Entreprenante next saw action on 25 April. Williams had taken her into Málaga Bay under a flag of truce to deliver a letter to the Governor, General Sabastini. Whilst on this duty, the British spotted two French privateers coming into the harbour, escorting a prize. (The privateers were two of the vessels that Entreprenante had repulsed in December 1810.) Williams collected a reply from the Governor for Lieutenant-General Colin Campbell at Gibraltar, and Entreprenante made her way out of the harbour. One privateer had already anchored off the mole, but the other and the prize were still under way. Williams closed on the privateer that was still sailing and brought her to battle. After a sharp engagement lasting 15 minutes, Entreprenante drove her on shore, severely hulled. She had been armed with six guns and had a crew of 50 men. (Note: Head money for the privateer's destruction was finally paid in late 1824. A first-class share, i.e., William's share, was worth £38 17s 1½d; a sixth-class share, i.e., an ordinary seaman's share, was worth £1 15s 10d.)

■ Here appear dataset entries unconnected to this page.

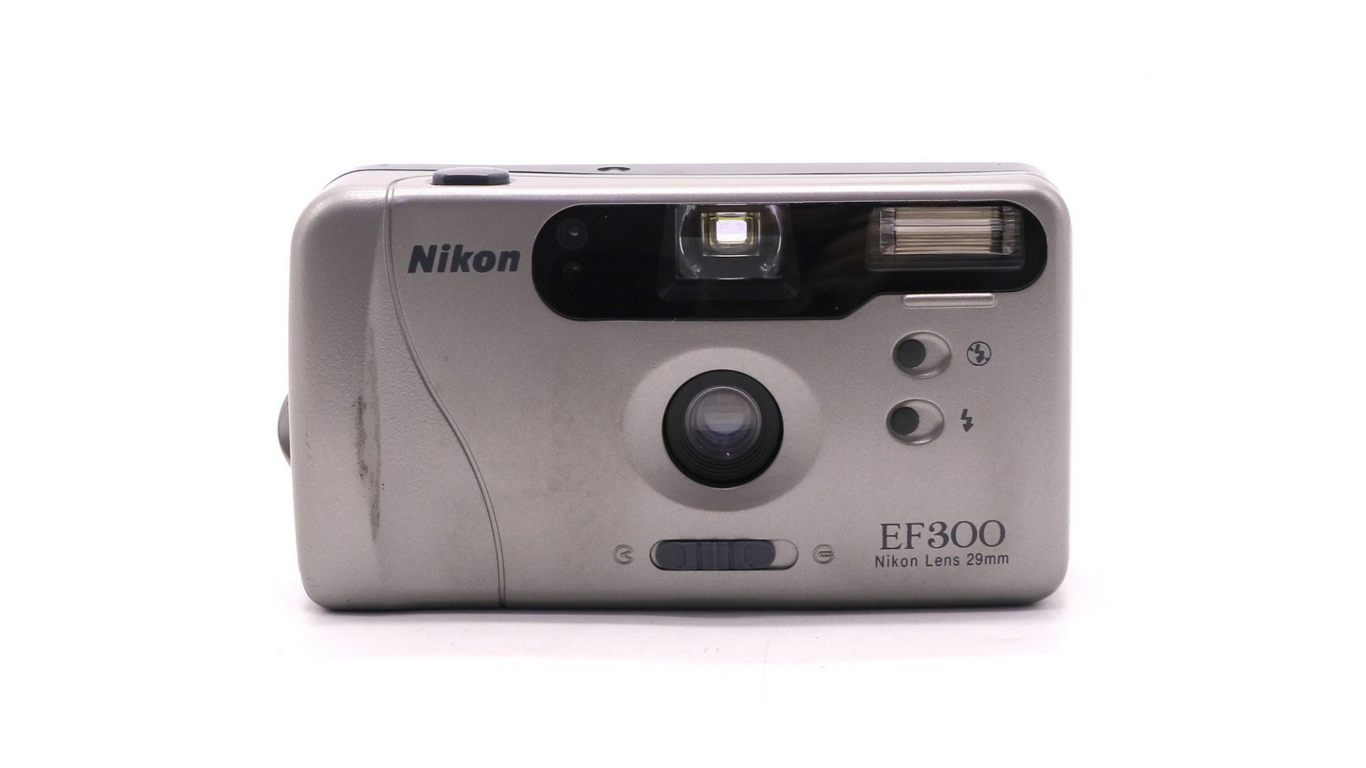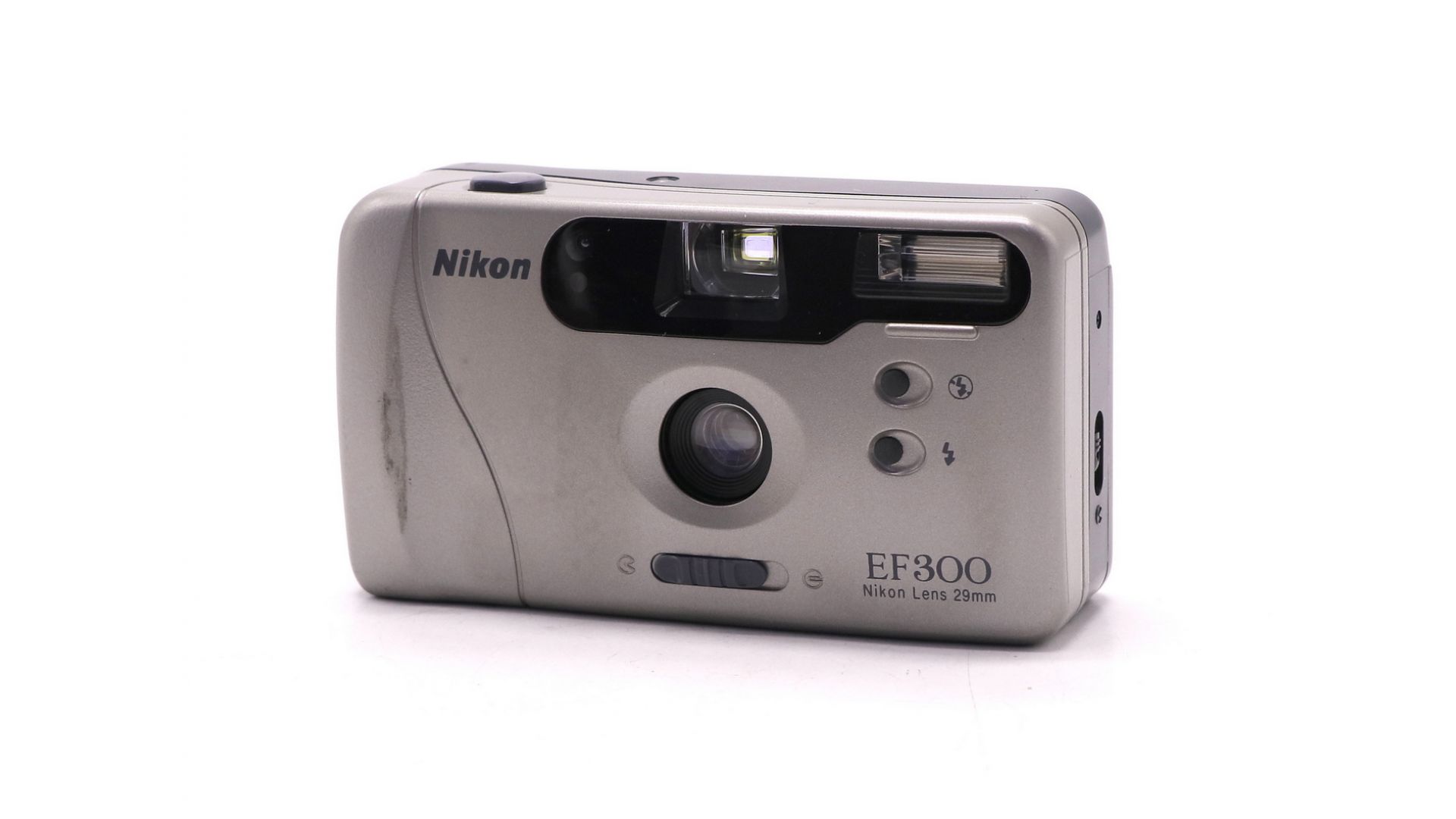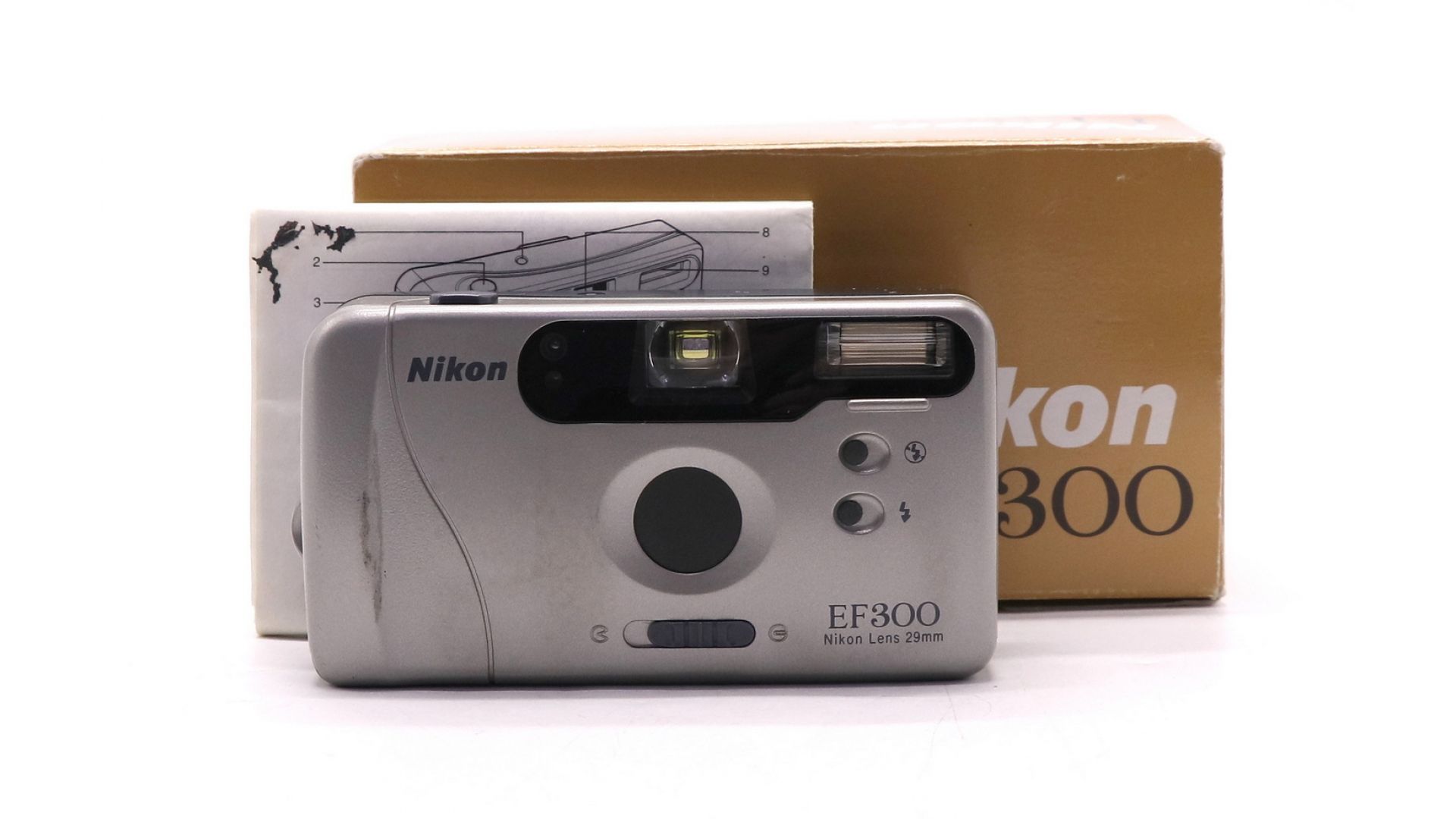Nikon EF300 — компактный плёночный фотоаппарат. Оснащён широкоугольным объективом 29 мм (f/4,5, 3 элемента в 3 группах) с фиксированной фокусировкой. Имеет автоматическую перемотку и продвижение плёнки, датчик DX для распознавания ISO (100–400). Встроенная вспышка работает в автоматическом режиме, включает функцию подавления «эффекта красных глаз». Питание — от двух батарей АА. В комплект входят чехол и ремешок. Корпус имеет незначительные следы эксплуатации, оптика и механика в идеальном состоянии. Отличный вариант для начинающих любителей плёночной фотографии.
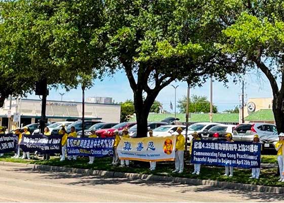 四月十三日,来自德州休斯顿的部分法轮功学员在中国城百利大道前举行集会,纪念万名法轮功学员“四·二五”和平上访二十五周年。
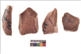 | Description / विवरण | There are n 4 utilized flake cores. There are multidirectional irregular scar pattern on both dorsal and ventral face of the flake cores. One has sharp edges and three have blunted edges. |
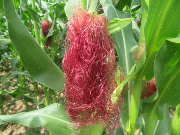 Flamboyante chevelure d’une infrutescence de maïs, Zea mays, dans la campagne bretonne, à Montours, 35.
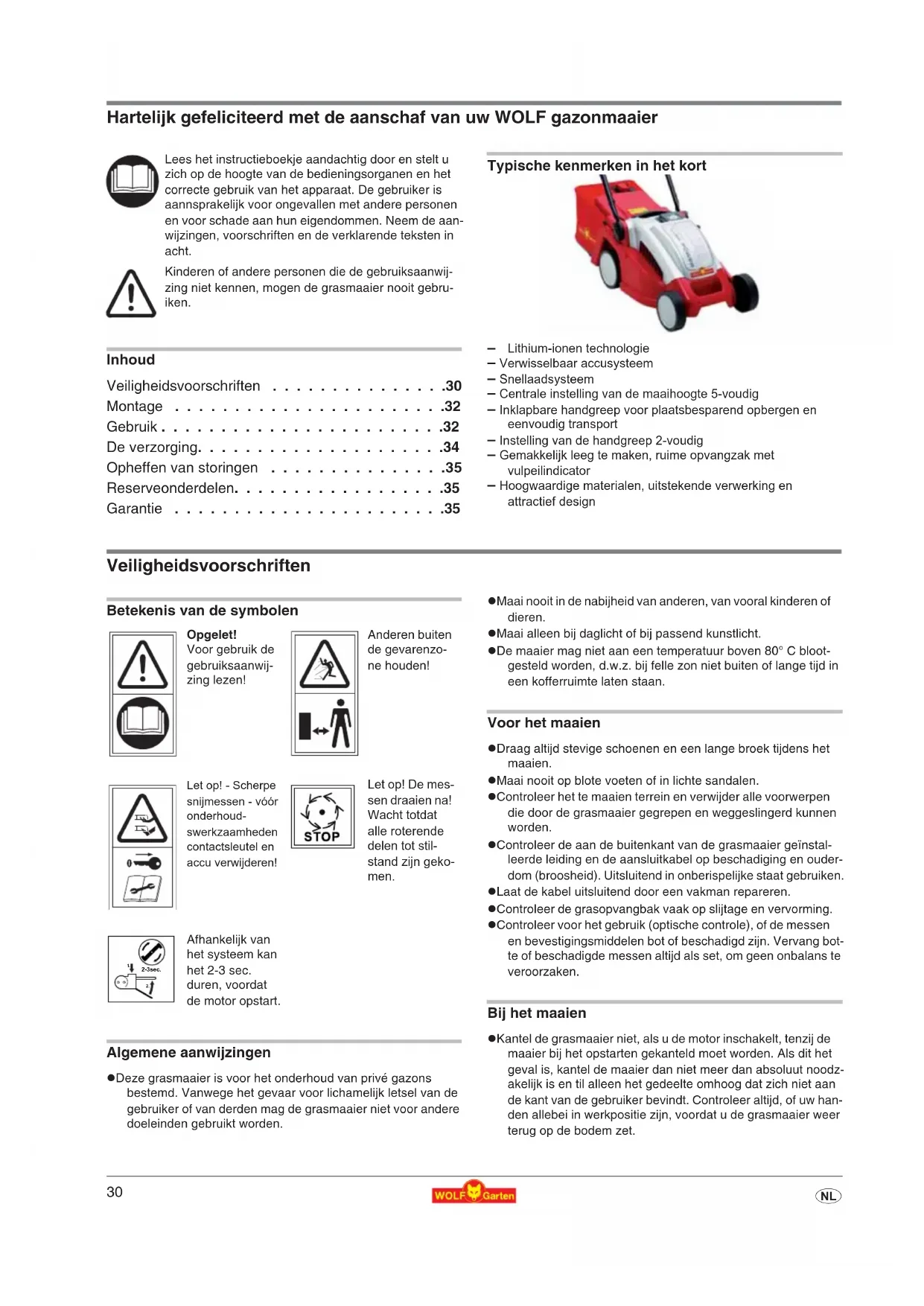 z Houdt de veiligheidsafstand aan die door de stang van de handgreep aangegeven is. z Zet de motor pas aan, als uw voeten zich op een veilige af- stand van de messen bevinden. z Let op een stabiele stand, vooral op een helling. Nooit snel, maar altijd rustig naar voren lopen. z Op hellende plaatsen maaien: – Maai altijd dwars op de helling, niet op- en neerwaarts – Wees zeer voorzichtig als u van richting verandert – Maai niet op steile hellingen z Wees zeer voorzichtig als u terugwaarts maait en de maaier naar u toe trekt. z Voorzichtig, grijp niet naar lopende snijkanten. z Ga niet voor de grasuitwerpopening staan. z Open de veiligheidsklep nooit als de motor nog loopt. z Rij nooit met een lopende motor over grind – steenslag! z Maai zo mogelijk niet in nat gras. z Onder de volgende omstandigheden moet het apparaat uitgeschakeld en de contactsleutel uitgetrokken worden en moet het apparaat tot stilstand gekomen zijn: – bij het achterlaten van de maaier – om een geblokkeerd mes vrij te maken – om de maaihoogte in te stellen – om de opvangzak leeg te maken – als een vreemd voorwerp geraakt werd (controleer dan eerst, of de maaier of de snijgereedschappen beschadigd zijn. Verhelp in dit geval dan eerst de beschadiging). – als de maaier door onbalans sterk vibreert (onmiddellijk uitschakelen en de oorzaak zoeken) – als de aansluitleiding tijdens het gebruik beschadigd wordt – om de maaier op te tillen of weg te dragen – om de maaier te kantelen of te transporteren (bijv. van-/ naar het gazon of over een weg) Het onderhoud 1 Opgelet! Roterend snijmes. Vóór al het onderhoud en schoonmaakwerk: z Contactsleutel en accu verwijderen. z Raak de draaiende messen niet aan. z Controleer regelmatig of alle zichtbare bevestigingsschroeven en moeren, vooral die van de messenbalk, goed vast zitten en draai ze zonodig aan. z Plaats de grasmaaier niet in vochtige ruimtes. z Vervang om veiligheidsredenen versleten of beschadigde delen. z Gebruik uitsluitend originele onderdelen van WOLF, anders heeft u geen garantie, dat uw grasmaaier voldoet aan de vei- ligheidsvoorschriften. Acculader z Deze oplader is alleen geschikt voor het opladen van de WOLF- Accu gazonmaaier LI-ION POWER 34. z Gebruik de oplader nooit in voochtige of natte omgeving, al- leen gebruiken in afgesloten ruimtes. z Trek de kabel er alleen uit door aan de stekker te trekken. Trekken aan kabel lan de kabel en de stekker beschadigen, waardoor de elektrische zekerheid niet meer gewaarborgd ios. z Gebruik nooit de acculader, warneer de kabel, stekker of het apparaat zelf beschadigd is. Breng de acculader naar de dichtstbijzijnde werksplaats. z Voorkom dat het koelingsmechanisme van het apparaat niet fuunctioneert door het ventilatiedeel af te dekken. Gebruik het apparaat niet in de buurt van warmtebronnen. z Open in geen geval de acculader. Breng deze bij een storing naar een erkende vakwerkplaats. z Gebruik uitsluitend originele onderdelen van WOLF, anders heeft u geen garantie, dat uw grasmaaier voldoet aan de vei- ligheidsvoorschriften. Batterie z Bij foutieve toepassing kan er vloeistof uit de accu komen. Vermijd contact daarmee. Bij toevallig contact afspoelen met water. Als de vloeistof in de ogen komt, roept u eveneens de hulp van een arts in. Naar buiten komende accuvloeistof kan tot huidirritaties of brandwonden leiden. z Bij het gebruik van een beschadigde accupack of bij ondes- kundig gebruik kunnen dampen uittreden. Zorg voor toevoer van frisse lucht en zoek een arts op, als klachten optreden. De dampen kunnen irritaties aan de ademhalingswegen veroorz- aken. 1 Brandgevaar! z Accu's nooit in de omgeving van zuren en licht ontvlambare materialen laden. z Accu uitsluitend bij een omgevingstemperatuur van 0 tot +40 °C laden. Na sterke belasting accu eerst laten afkoelen. 1 Explosiegevaar! Accu tegen hitte en vuur beschermen z Niet op radiatoren leggen of lang blootstellen aan sterk zonlicht. z Accu uitsluitend bij een omgevingstemperatuur tussen 0 °C t/m + 40 °C gebruiken. 1 Gevaar voor kortsluiting z Bij afvalverwijdering, transport of opslag van de accu moet de accu verpakt worden (plastic zak, doos) of moe- ten de contacten afgeplakt worden. z De accupack mag niet geopend worden. Accu‘s mileugerecht verwijderen z WOLF accu´s zijn Li-ION accumulatoren en moeten dus als afval worden verwijderd. De- fecte accu´s moeten door de vakhandel wor- den verwijderd. De accu´s moeten uit het toestel worden genomen, voordat het tot schroot wordt verwerkt. z WOLF accu´s zijn in technisch opzicht het meest geschikt om elektrische toestellen, die onafhankelijk van het stroomnet functioneren, van energie te voorzien. Li-ION-cellen zijn schadelijk voor het milieu, als ze samen met het gewone huisvuil als afval worden verwij- derd. z WOLF Garten wil het milieuvriendelijke ged- rag van de consumenten stimuleren. In sa- menwerking met u en de WOLF vakhandel garanderen wij de terugname en de opwer- king van afgewerkte accu‘s.32
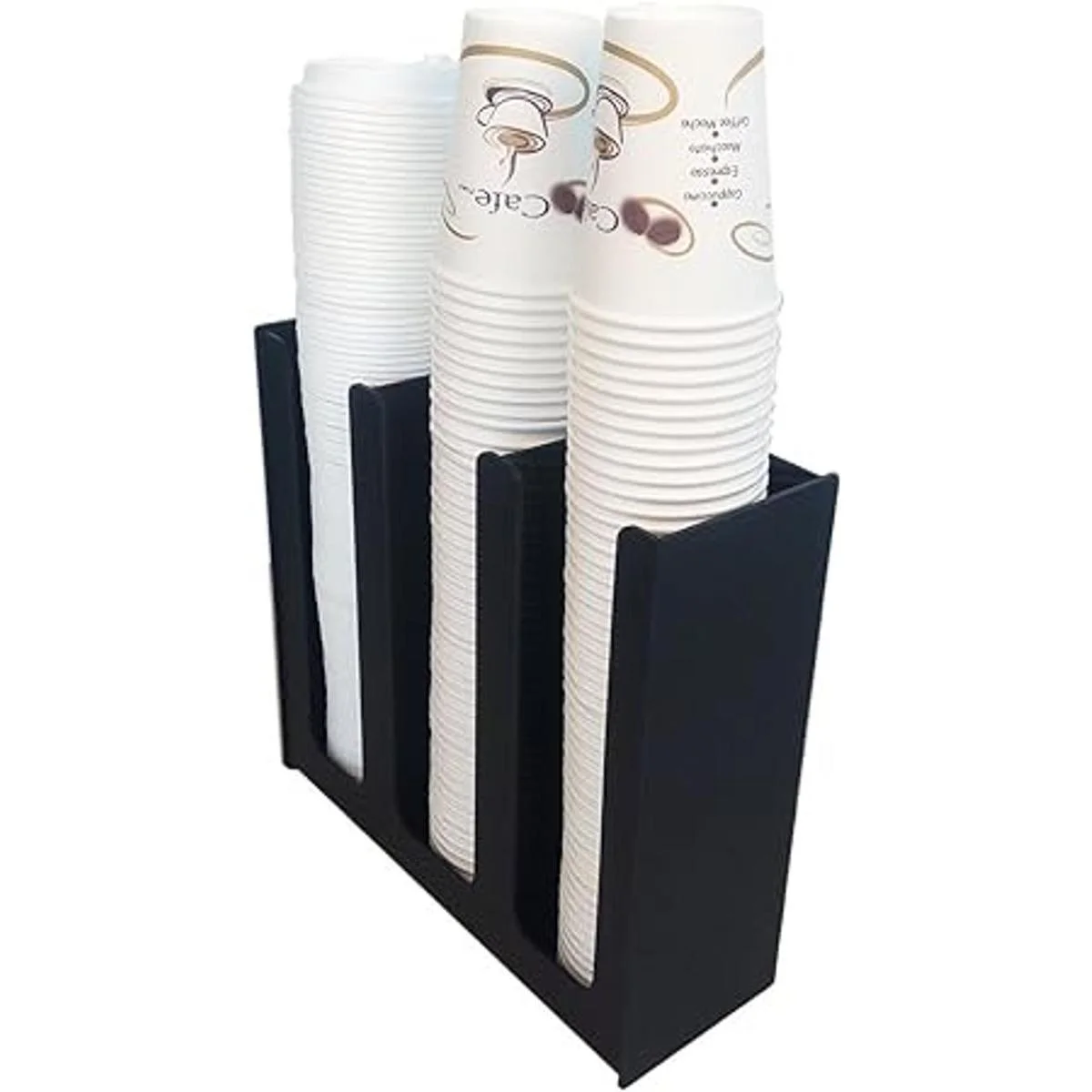 HAITIAN Portavasos de papel de 0.157 in de grosor, material ABS, color negro, apto para vasos de papel de 10 a 26 onzas, 3 compartimentos, sobre tamaño 12.7 pulgadas de largo x 11.7 pulgadas de alto x 4.3 pulgadas de ancho. para sala de descanso, hotel, restaurante, cafeterías

By now, the water under Entreprenantes keel was less than three fathoms (5 m) and Williams was obliged to tack. He turned his attention to the prize, and after firing a few shots, boarded her and took possession. She was the Spanish brig St. Joseph (San Jose), out of Cádiz and Gibraltar, and had been captured whilst sailing to Tarragona. Williams took her in tow and sailed her out of the harbour. Hundreds of spectators on the mole head at Málaga watched the action. Entreprenante accomplished the entire engagement without taking any casualties. This was to be Entreprenantes last action.

==Fate==
Entreprenante arrived at Plymouth on 22 March 1812 with dispatches from the Mediterranean, Gibraltar, and Cádiz. She was paid off in April 1812. Entreprenante was broken up in June 1812, after more than a decade of distinguished service.